Trading Up Problems
“Your biggest problem is you think you shouldn’t have them.” -Tony Robbins
Personal development coach and author Tony Robbins takes this unconventional philosophy about problems one step further. Instead of working to get rid of our problems, he teaches, we should strive to “trade up” for a better set of problems.
To illustrate this, we can first look at an example involving various cultures of the world.
Take America, for example. What are some of the problems our country is most concerned with today? Affordable healthcare. Race relations. Climate change. Gender equality. The list goes on.
They’re serious problems, no doubt about it. But they’re also complex problems. As some political philosophers would reason, the advanced level of our problems also indicates an advanced society—one that has room to be concerned about “quality of life” over pure survival, like having enough food to avoid mass starvation.

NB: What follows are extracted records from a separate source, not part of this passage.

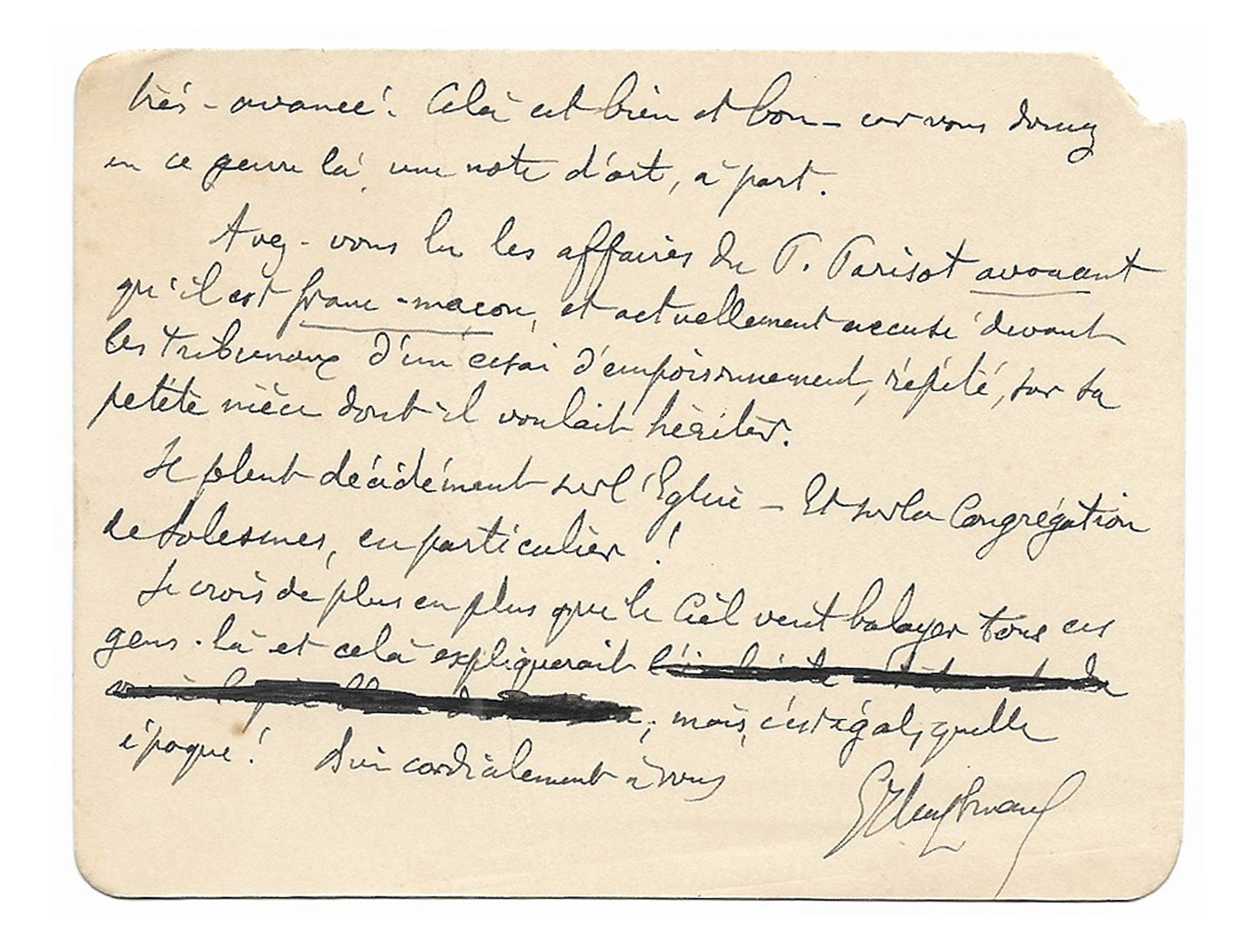 Je crois de plus en plus que le Ciel veut balayer tous ces gens-là et cela expliquerait [plusieurs mots caviardés], mais c’est égal, quelle époque ! Bien cordialement à vous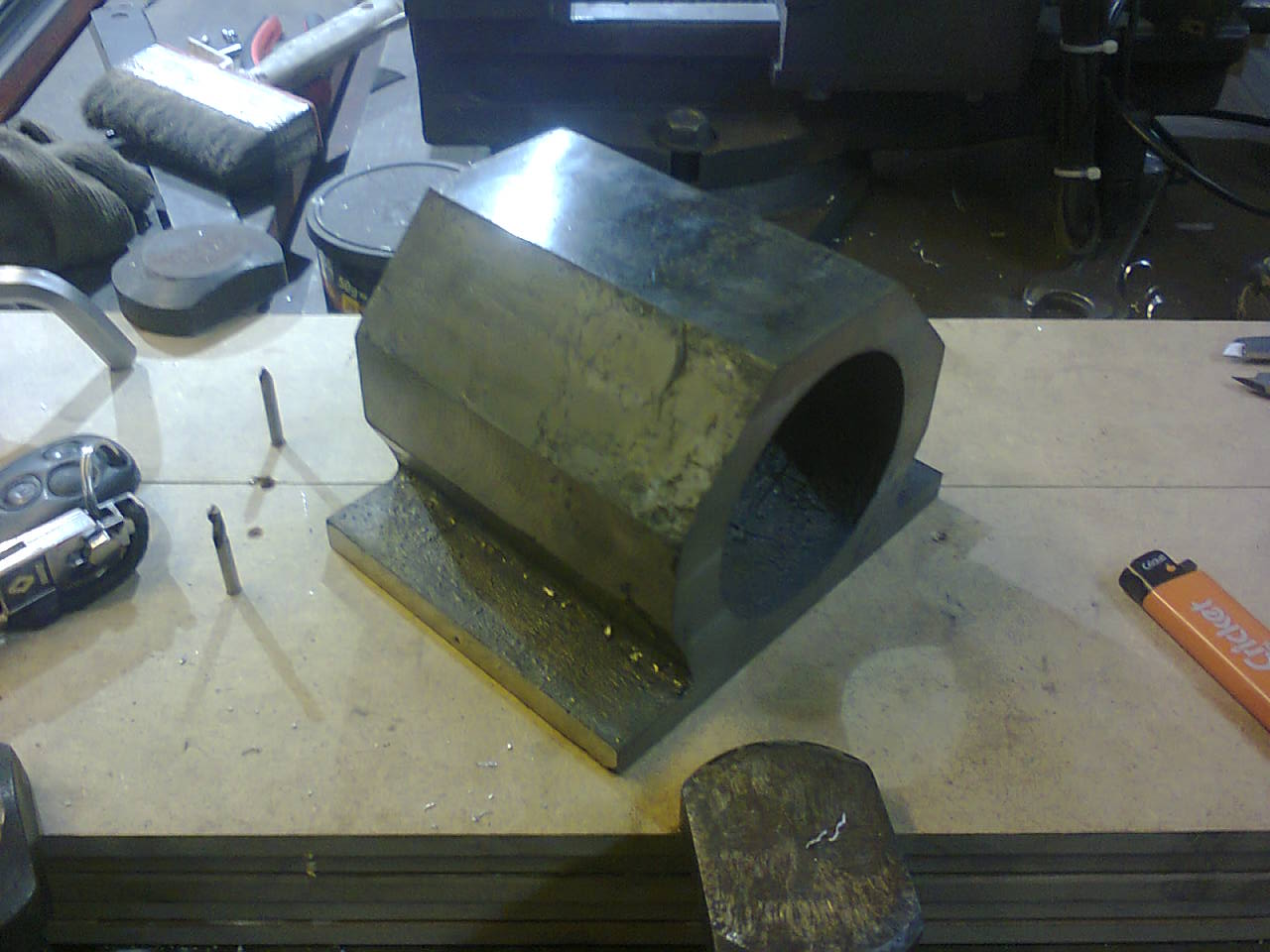 Долго эта железяка валялась и ждала своего часа, т.е. когда "Малыш" сможет её обработать. Наконец руки дошли. Вроде неплохое начало, в оконцовке посмотрим, что выйдет. Корпус, естественно, будет облегчён до веса алюминия, и вид конечно же будет гораздо приличней китайского силуминового уродца. Жесткость у чугуняшки в сравненинии с люминием тоже получше будет. На данной стадии вот так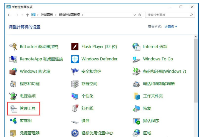2、在打开的控制面板窗口,找到并点击“管理工具”图标;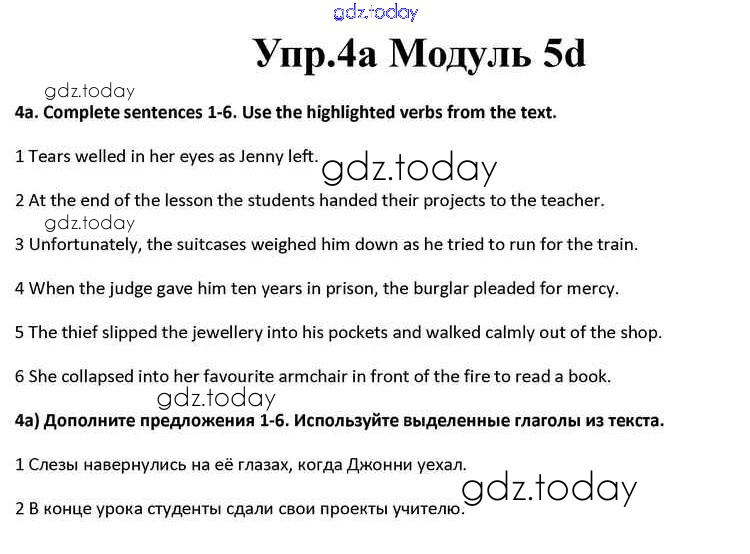 На страницах сайта gdz.today вы найдете учебный и вспомогательный материал, направленный на улучшения знаний школьной программы. ГДЗ - онлайн мир знаний Часть 5d Решение к Module 5 4a Учебнику по Английскому языку для 10 класса Афанасьева, Дули Просвещение Spotlight 2015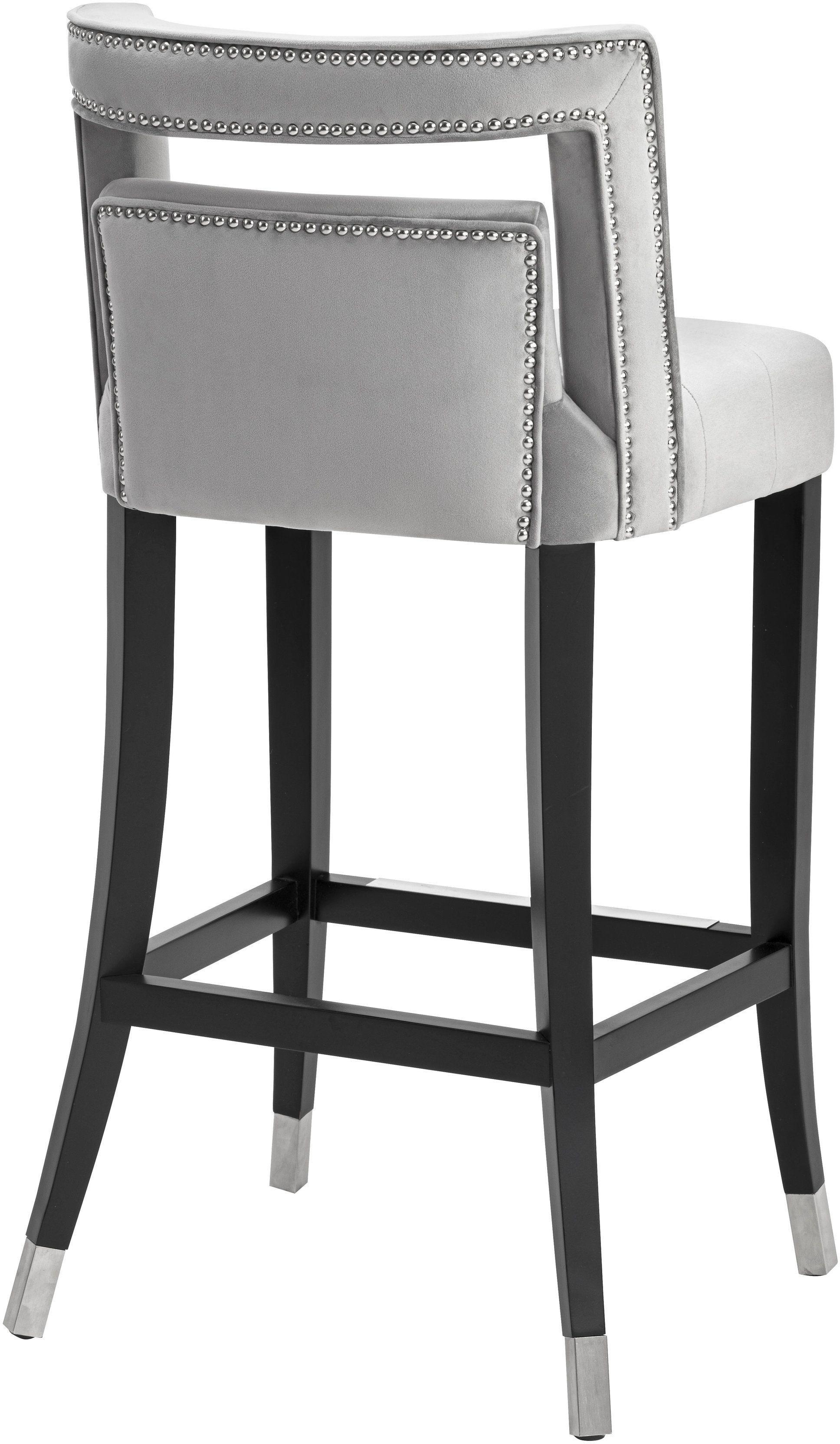Color: Grey Leg Details: Birch, Velvet Feature: CA117-2013 Fire Retardant Foam,Handmade by skilled furniture craftsmen,Individually hand-applied silver nailheads,Sumptuous velvet upholstery with tufted seat,Birch wood legs with silver steel caps,Matching steel footrest,Available in multiple colors in counter or bar height options,Ships assembled, View More of Brand TOV

In other words, in the grand scheme of cultures over time, America’s problems are “good” problems. (For more insights on this, the historical text Work and Life: A Study of the Social Problems of Today is a great reference).
The same line of thinking can apply to your business.
Think back to when you first start out as an entrepreneur. Maybe this applies to you right now, or perhaps it wasn’t too long ago.
When you’re just getting started, you’re doing everything yourself. You have to answer to your clients, your contractors, your service providers, your cable guy, and everyone else. You have about 1,000 balls in the air, and each one comes with its own set of problems.
But then, after a while of plugging away at building your business, you’re able to hire an employee or two. You can outsource some of your duties like accounting or HR, taking tedious work off your plate.
Now, instead of dealing with a problem every time the phone rings, you can focus on more complex problems like how to lead your business through a new phase of growth. As you scale your company little by little, your problems slowly increase in quality. They go from annoying and stressful to challenging and interesting.
Everyone has problems. So rather than wishing your problems would disappear, instead work to turn them into a better set of problems that’s more aligned with the business and life you want to have.